If nothing else, Mayer’s tenure has been eventful. She’s certainly been busy spinning one strategy after another. There were spinoffs and reverse spinoffs. Dozens of acquisitions and write-offs. Every web property torn up and rebuilt. Top executives hired and fired. And there was Katie Couric.
The problem is, you can’t turn around a tech company by trial and error. You have to focus. You have to come up with one strategy and stick with it. Did I forget to mention that it also has to be the right strategy? There’s that too.

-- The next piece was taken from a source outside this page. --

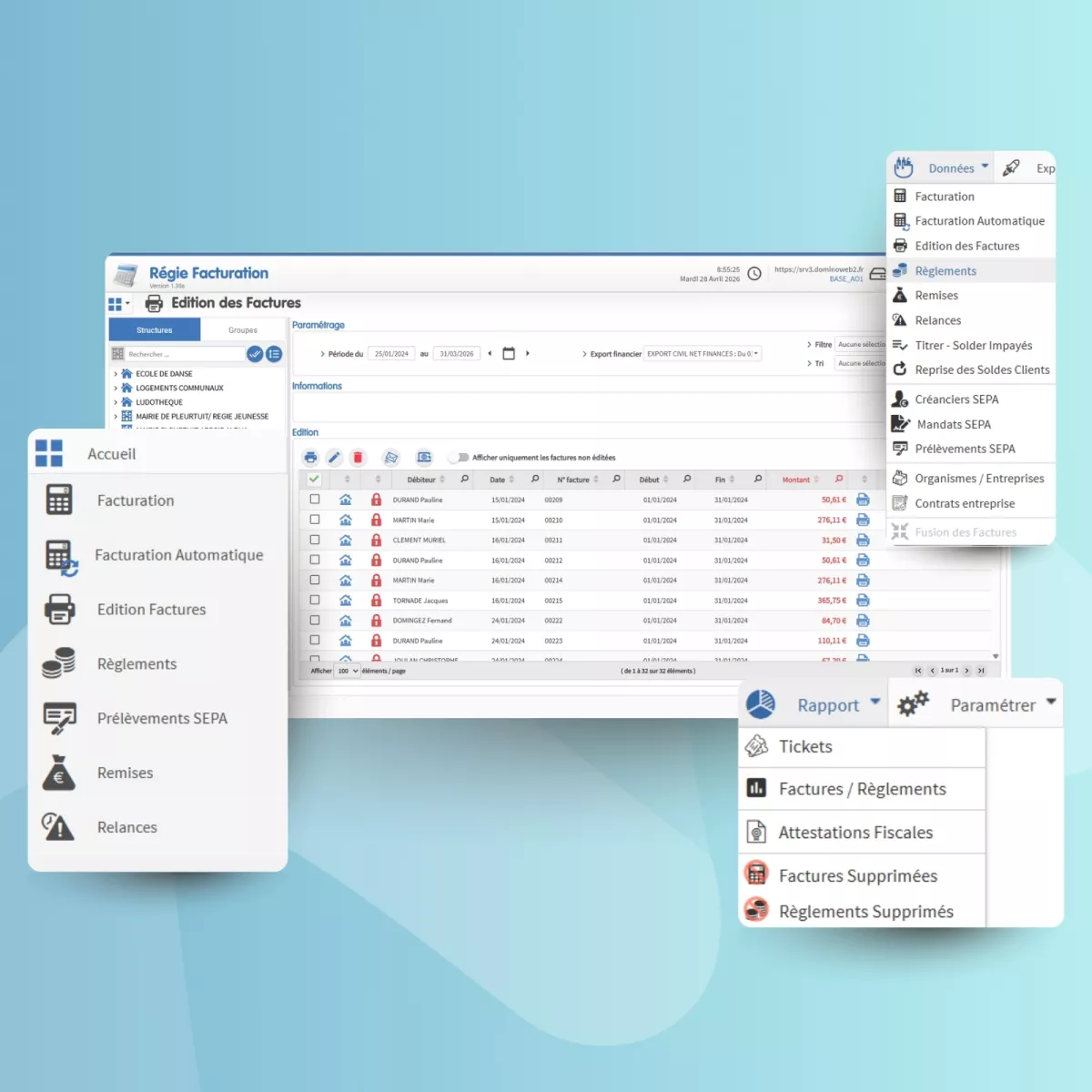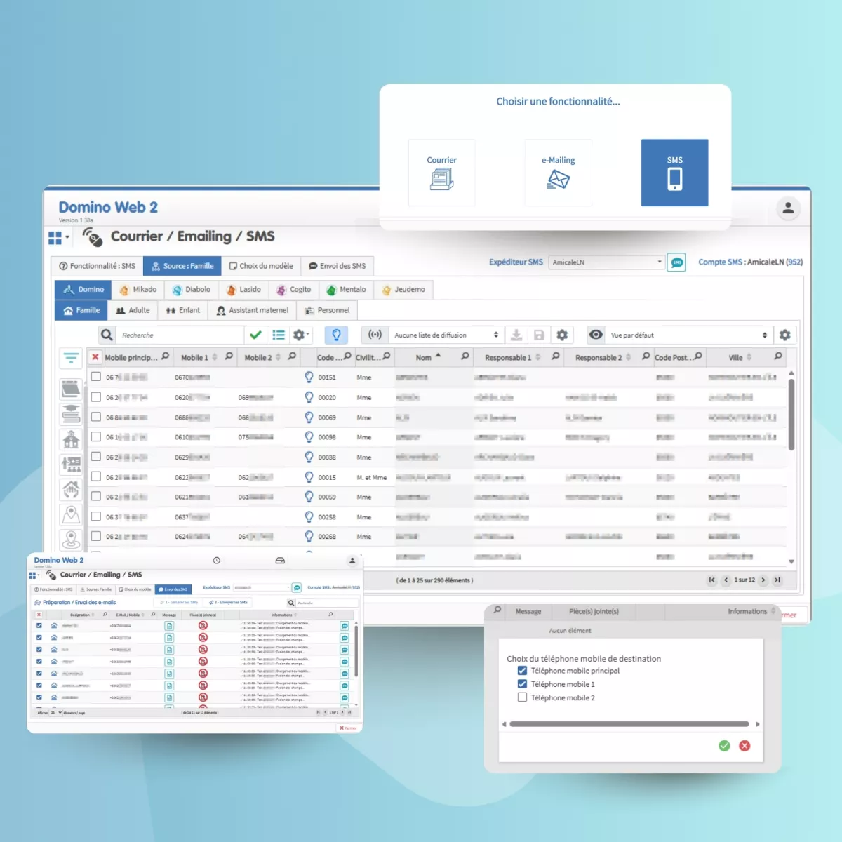 Familea repose sur Domino Web, une base de données unique qui centralise tous les dossiers familles et enfants. Les logiciels métiers s'y connectent directement : une information saisie une seule fois est disponible partout, en temps réel, sans ressaisie.
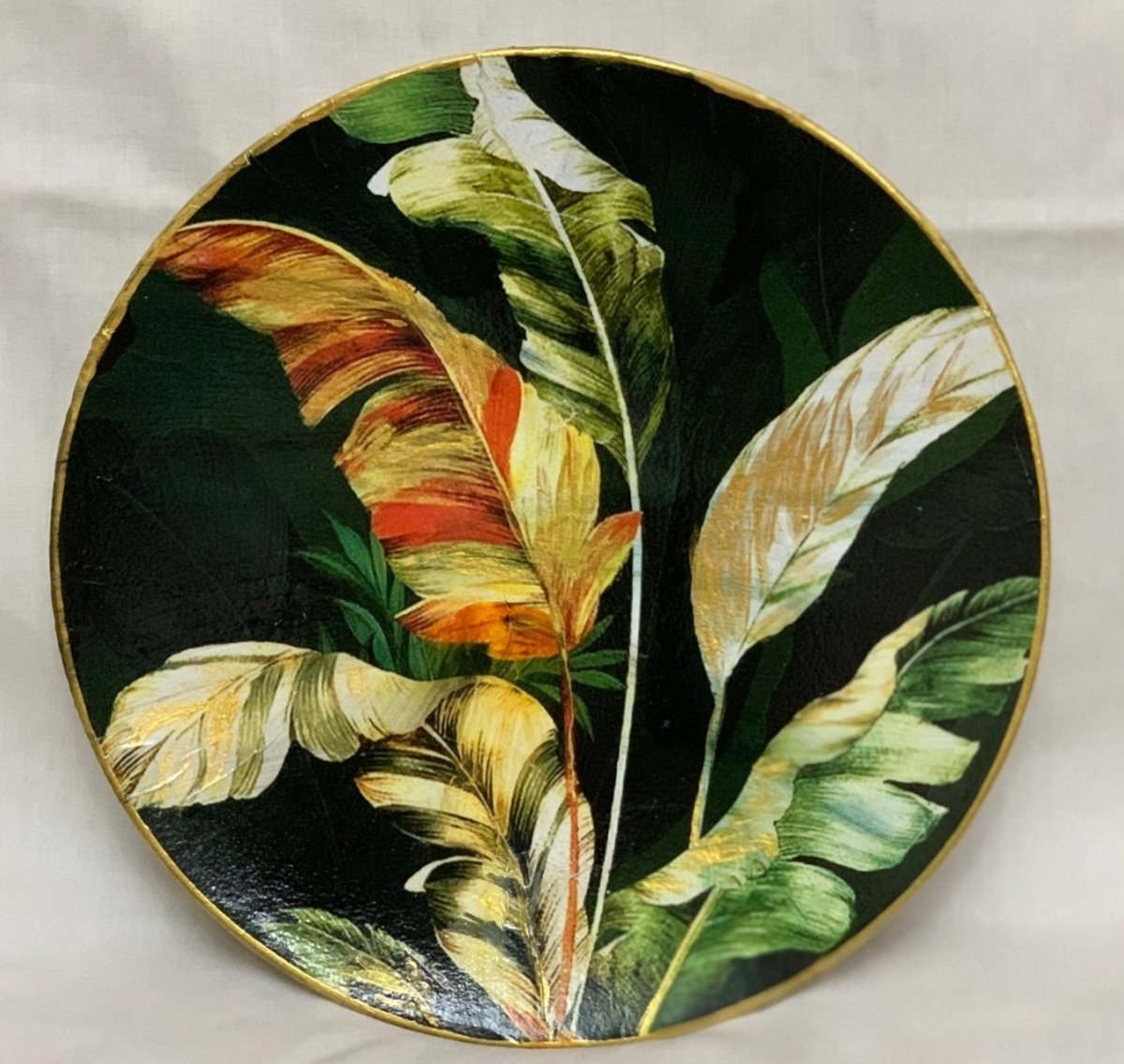 طبق بورسيلين هاند ميد ديكوباج مع رسم صنع باتقان صنع بحب لأجلك المقاس ٢٨ جاهز للتعليق علي الحائط

Mayer’s most recent strategic plan had Yahoo focused on three global platforms (search, mail and Tumblr), four verticals (news, sports, finance and lifestyle) in key geographies, and four revenue growth drivers, aka Mayer’s renown mavens (mobile, video, native and social).
That was the plan; I kid you not. The only thing missing was a partridge in a pear tree.
Nobody will ever know if another CEO could have saved Yahoo from the junk pile, but then, that’s never stopped anyone from debating the question. And who knows if the Verizon deal will close. One thing is clear, though. Mayer has a bright future ahead of her. There will be no shortage of board seats and chief executive opportunities. It’ll be interesting to see where she turns up next.